Какие-то мгновения чаша весов колебалась. Александр Николаевич физически ощущал эти колебания: еще несколько ударов наугад — и ринутся все, месивом тел накроют приказчика.
В эти мгновения тишины, когда слышно было только хрюканье убегающего Зотова да негромкий матерок старателей, чей-то голос решил исход стихийно возникшей опасности самосуда, произнеся без вызова, но твердо:
— Вы сами-то отнеситесь, однако, всерьез к нашему человеческому праву, Александр Николаевич.
Спокойная, деловитая будничность этого голоса отрезвила народ, все опять поворотились к управляющему. Ни робости, ни недавнего вызова не было в их выражениях, — глядели с достоинством, некоторые даже кивали согласно, с верой в справедливость его, Александра Николаевича, ожидаемого решения. Совсем другие люди были перед ним. Или он их увидел теперь другими глазами? Его спервоначалу страх перед ними и злость на Зотова вдруг почти совсем прошли. Но что предпринять, что им обещать, он по-прежнему не знал. То есть знал наверное, что любые разговоры с акционерами об улучшении жизни рабочих бесполезны. Они что, затеются в зиму благоустраивать бараки или дадут средства на больницу, когда выработка неуклонно падает с прошлого сезона и прибыли падают? А налоги тем временем растут, потому что время военное.
— Три рубля ассигнациями с фунта выплавки чистого золота — это что же такое? — сказал у него над ухом прежний голос.
По голосу Александр Николаевич, конечно, не узнал бы его, а в лицо-то он его запомнил, и фамилия была на слуху, особенно после сегодняшнего разговора с помощником в конторе. Сумрачная улыбка играла на губах Мазаева.

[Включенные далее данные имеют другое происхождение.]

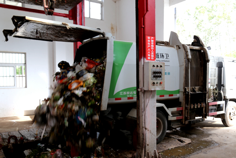 图为垃圾车将垃圾运往转运站进行压缩打包
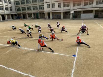 今日は、5年生の体育で、タグラグビー をしました!寒さにも負けず、元気に子供たちは、授業に取り組んでいました。
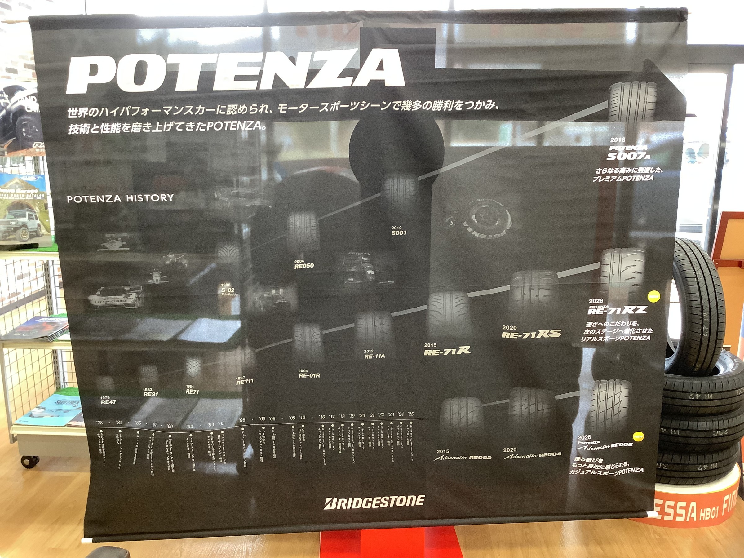 POTENZAの歴史展示中(^^v ポスト 2026年2月21日 こんにちはタイヤ館雲南です。 ブリヂストンのスポーツタイヤ「POTENZA」(ポテンザ)の歴史タペストリーが展示中です! 現行のモデルに至るまでの遍歴が見ることができます。 私自身知らないモデルがあったりトレッドパターンの変化も見れて興味がある方には面白い展示になっておりますので是非ご覧ください。 昔履いていたモデルもあるかもしれませんよ(^^♪
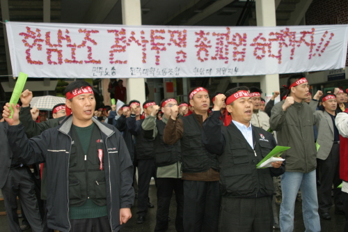 행위는 현 사태를 더욱더 악화시킨다는 것을 분명하게 깨닫기 바란다"고 강조한 후, 단체협약 쟁취와 노동조합 사수를 위한 출정식을 한남대학교 본관
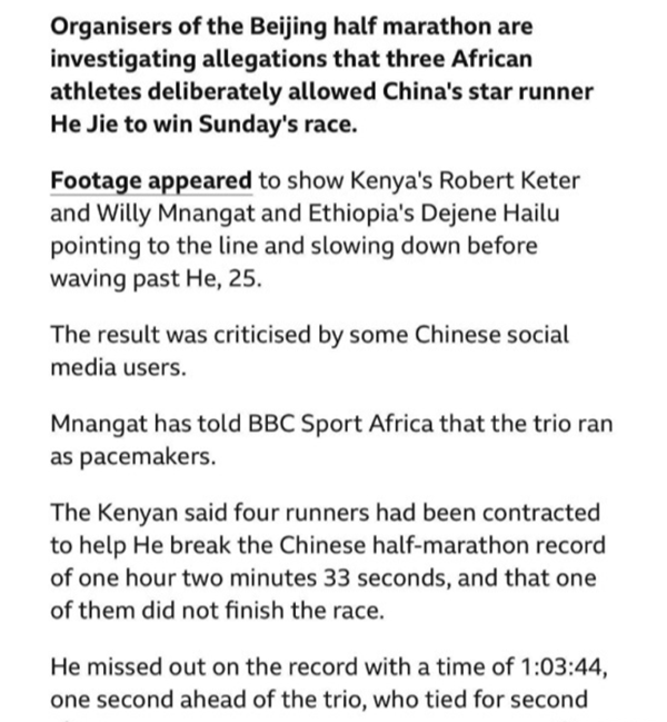 北京时间4月16日,3位非洲选手之一的威利·姆南加特(Willy Mnangat)告诉BBC体育非洲频道(BBC Sport Africa),他们三人并不是本次北京半程马拉松赛的正式参赛选手,而是作为“配速员”参与跑步的。
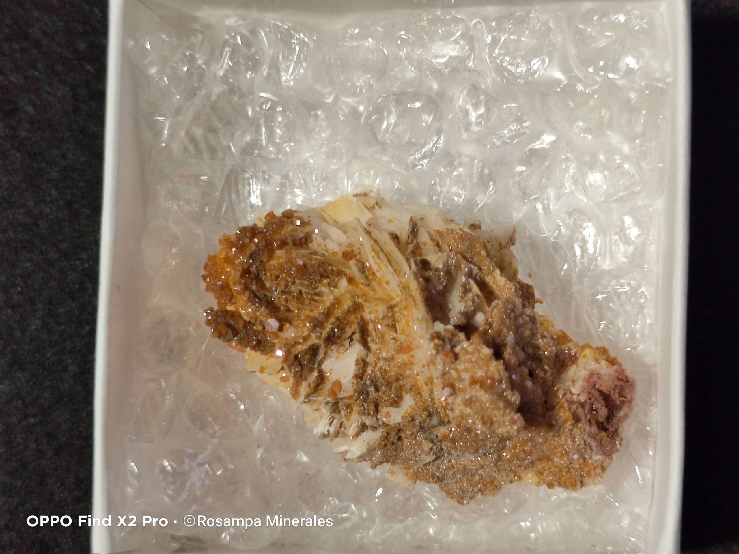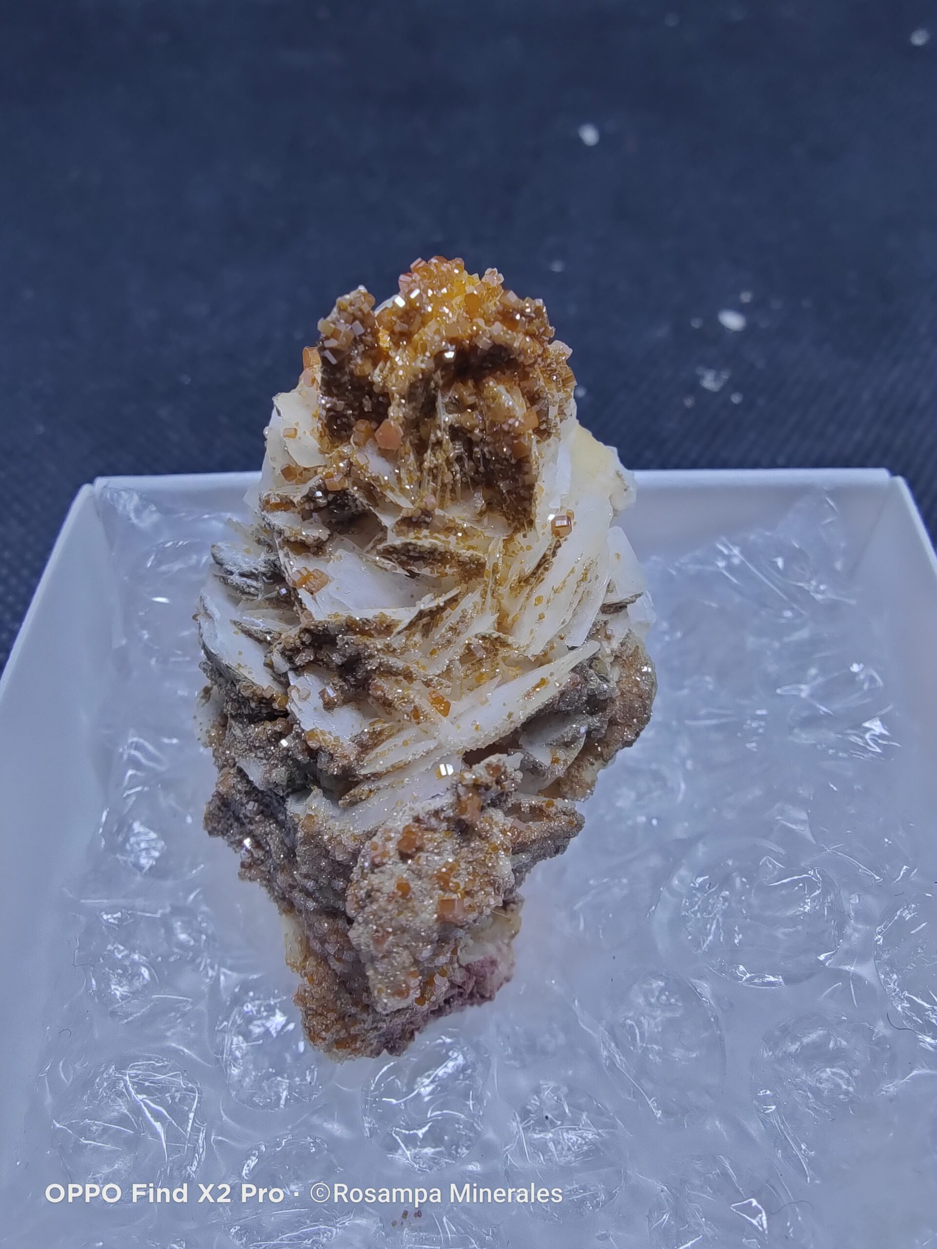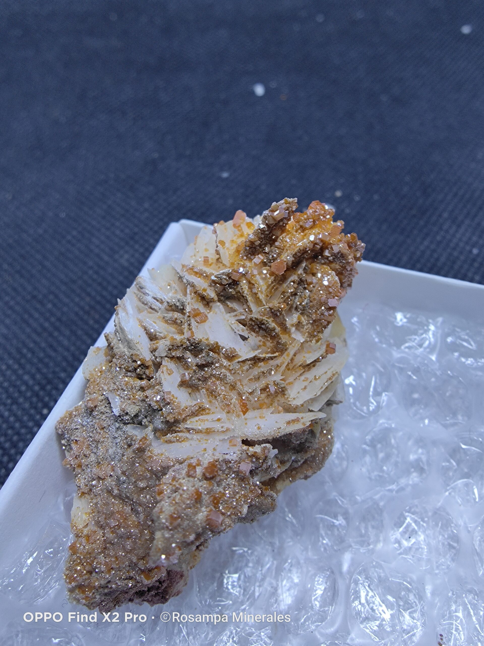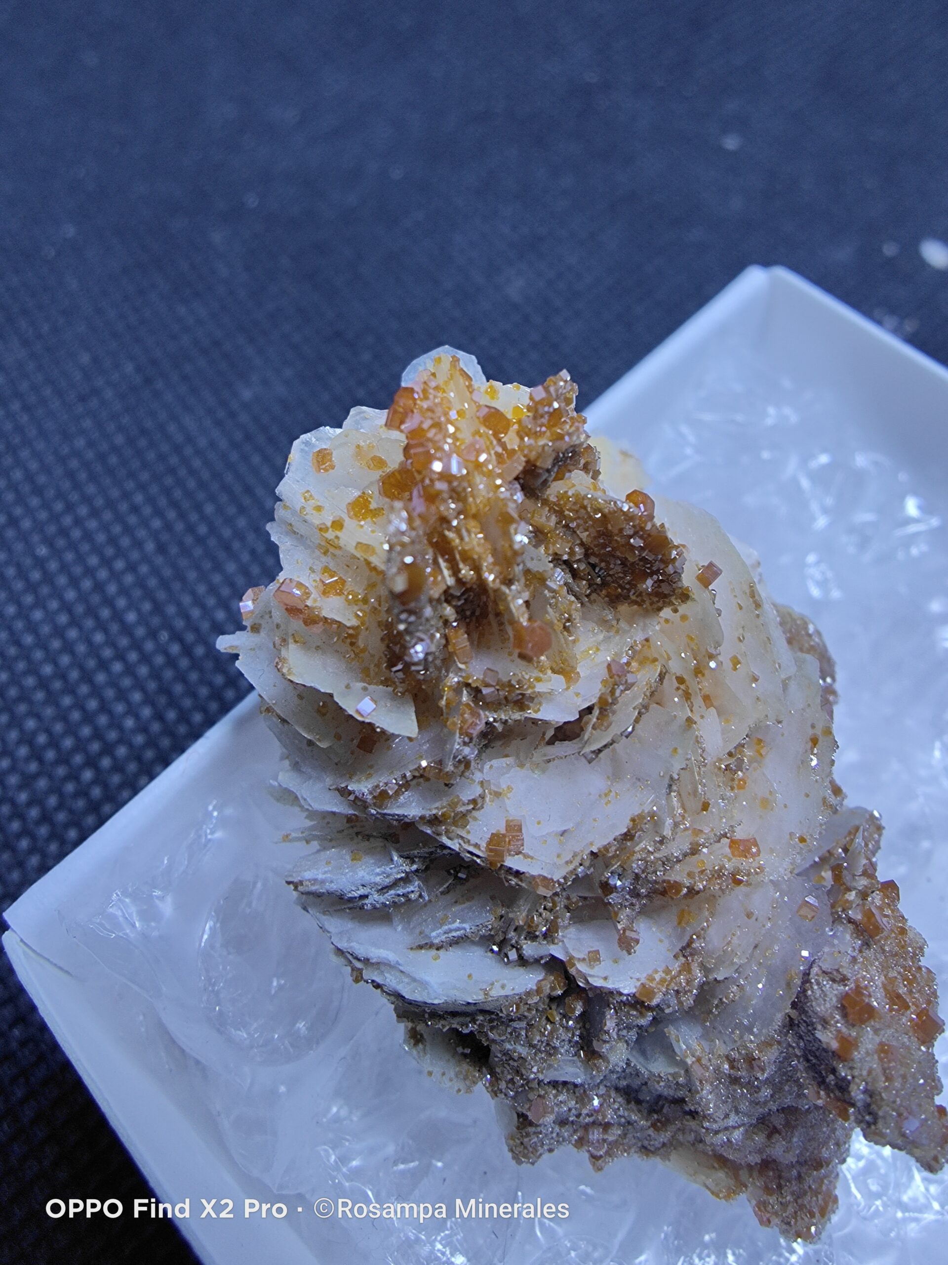 Grupo de brillantes vanadinitas naranjas sobre delicados cristales blancos. Una pieza mineral única, de intenso color y gran atractivo visual, ideal para coleccionistas y amantes de la mineralogía. Pieza muy estética y con mucho brillo.
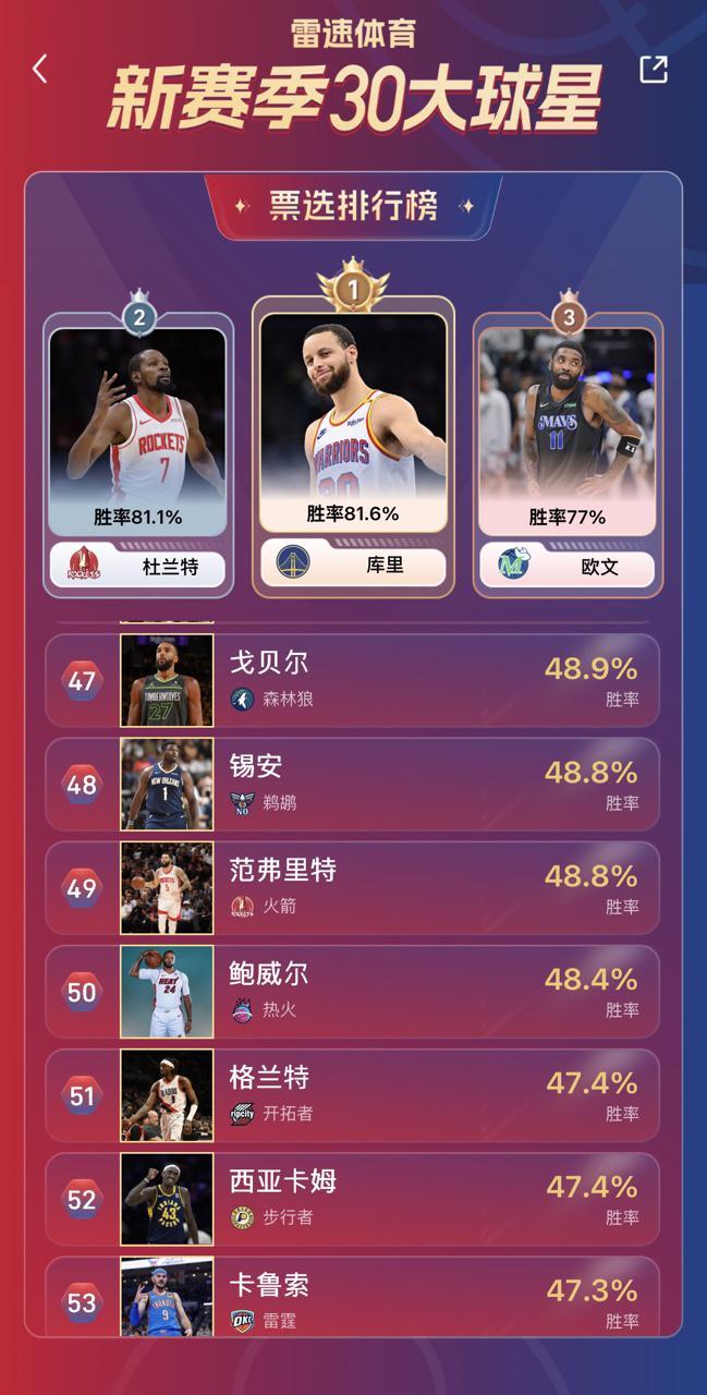 雷速NBA新賽季30大球星即時排名:庫裏反超KD升至第一
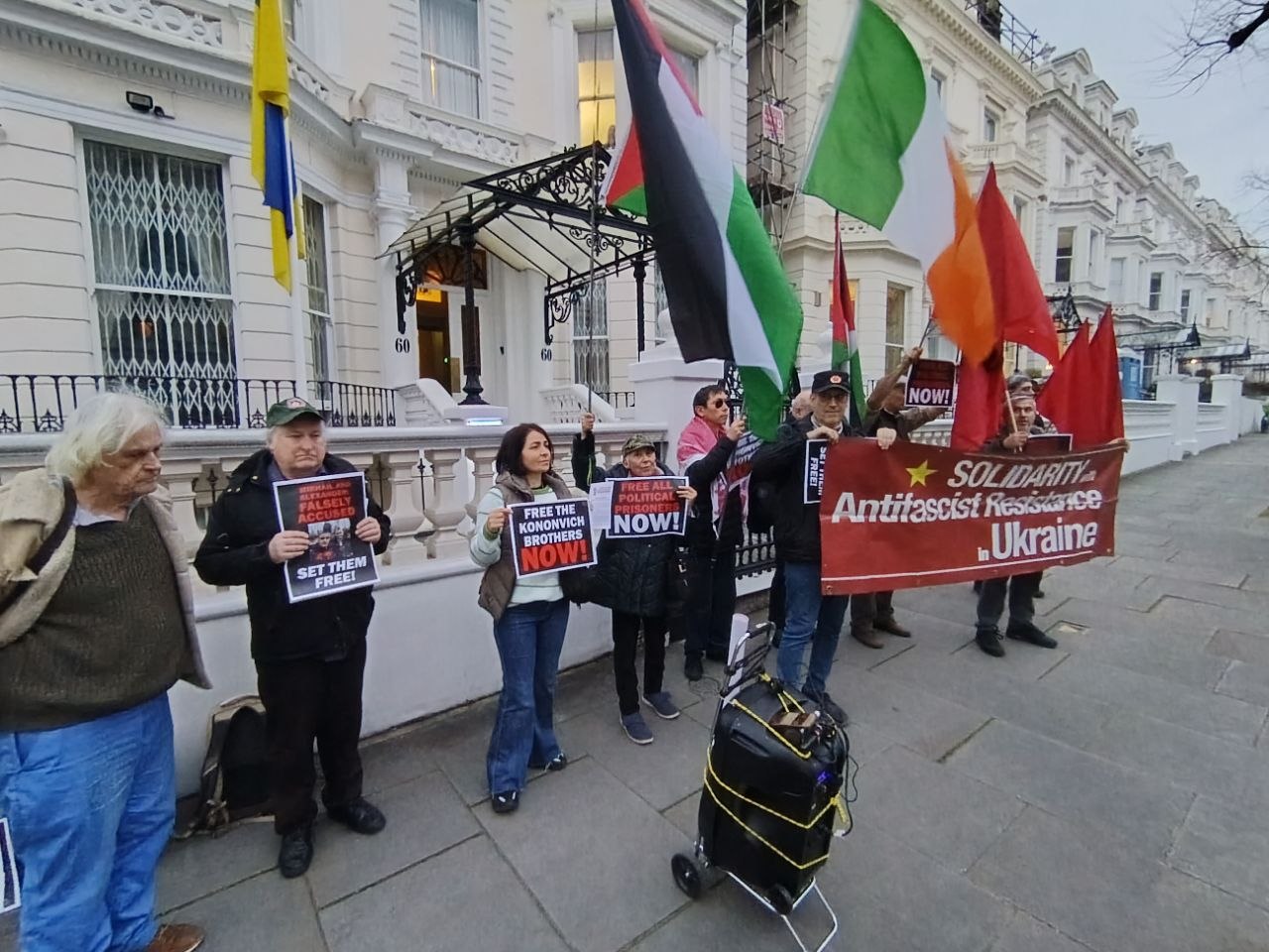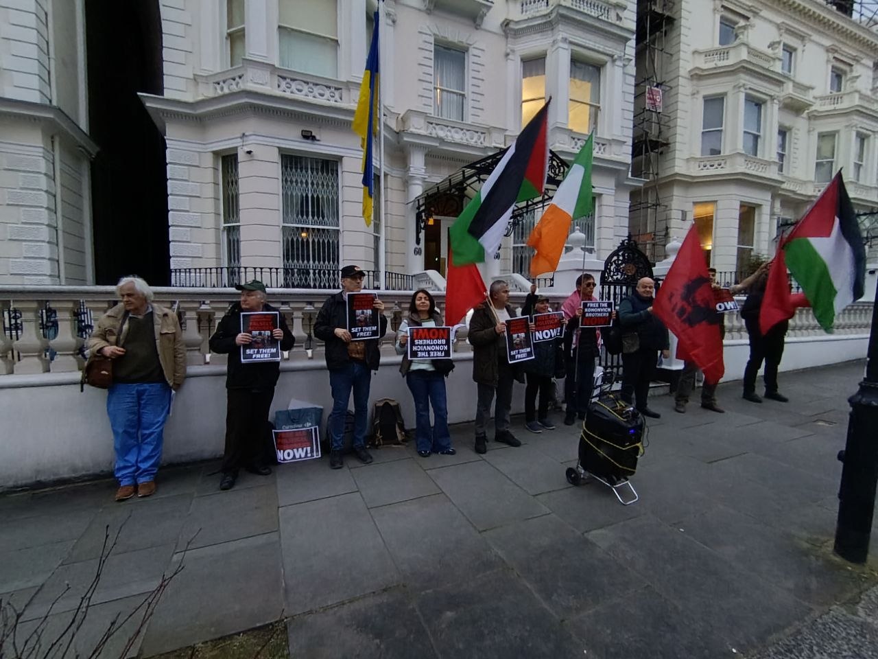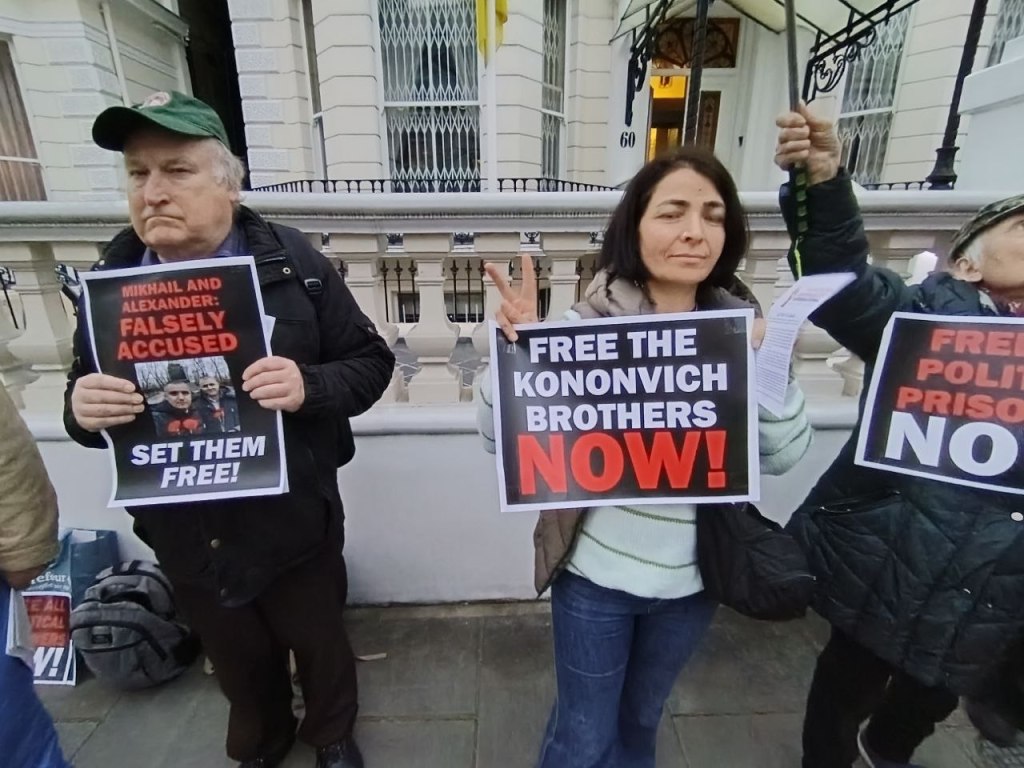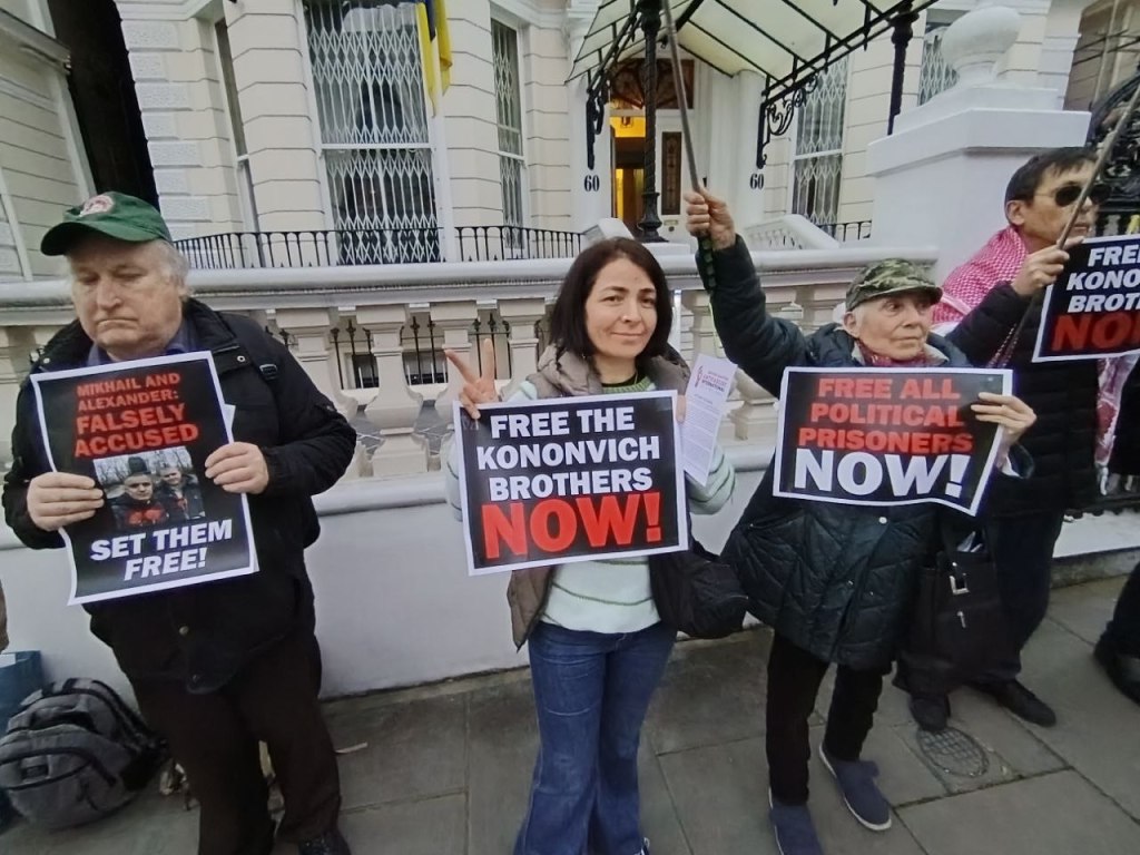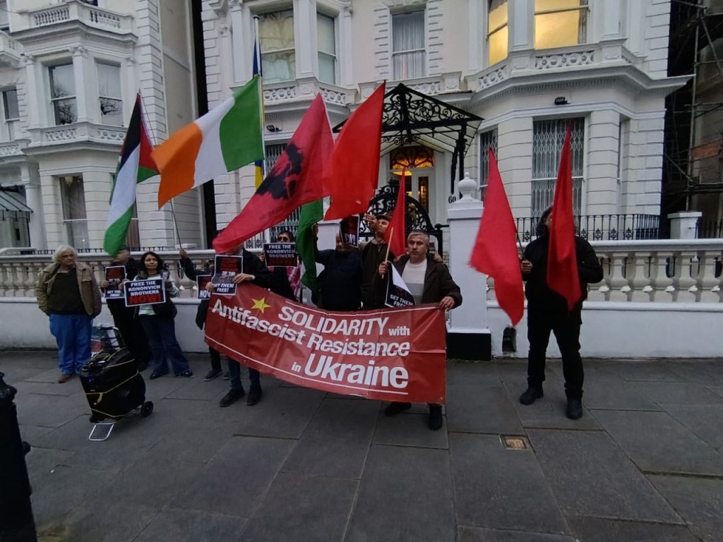 On 20 March, the Anti-Imperialist Front and the Popular Front, together with the organisation International Ukrainian Antifascist Solidarity, held an emergency protest outside the Ukrainian Embassy in London, demanding an end to all state repression against Mikhail and Alexander Kononovich and calling for guarantees of their safety.

— С золотника-то опять сбросили?
Молодой, скуластый, из-под шапки — кудрявый чуб до самых глаз. «Умная шельма, и со связями», — вспомнились слова помощника. Какими связями? Не спросил. Воровскими или высшими, петербургскими? Сейчас ведь все перемешалось.
— Вы что, как депутат ко мне обращаетесь?
— Никак нет. Я просто со всеми, рядовой рабочий.
«Хитер. Не хочет до поры показывать, что он зачинщик. Думает, я его арестую?»
— Так что же будет с оплатой? — настаивал Мазаев. — А с жильем? Вы же понимаете, что условия в бараках невыносимые!
«Тем лучше для вас, — неожиданно подумал Александр Николаевич. — Тем легче вы тут посшибаете всем головы». Мысль об этом, о своем промежуточном положении бессилия, неожиданно заново обожгла его злобой.
— Да что ты хочешь от меня? — распаляясь, вскрикнул он. — Не сейчас! Потом. — Он остановился. — Ведь война вот и…
— Но почему-то война коснулась только нас, а не вас, например? — глядя ему в глаза, спокойно сказал Мазаев.
— Агитация? — Александр Николаевич, как давеча помощник, почему-то тоже сильно понизил голос. — Я тебе покажу смутьянничать!
Но чувствовалось, что слова эти он произносит без жара душевного, лишь бы что сказать.
— Да пустите вы меня.
Он стал продираться через толпу.
— Что вы грудитесь? А ты, Мазаев, заявку твою мы, конечно, проверим, а политику ты тут не разводи. Тут без тебя хватает.
— Да ведь и батюшка ваш, царствие ему небесное, был из ссыльно-политических, — проговорил вдруг Мазаев.
Толпа враз смолкла: ждали, затихнув.
Лицо Александра Николаевича исказила гримаса боли.
— Не твоего ума дело, болван!
Он с яростью рванул полость саней. Комья мокрого снега ударили из-под полозьев.
Так и поехал, будто хомяк обиженный. Знал, что смешон. Надувшись, сердито подтыкал под себя тяжелую шкуру… Не учли, что он в расстройстве, полезли: зубы у них шатаются! А этот, как его? Нашел с кем себя равнять!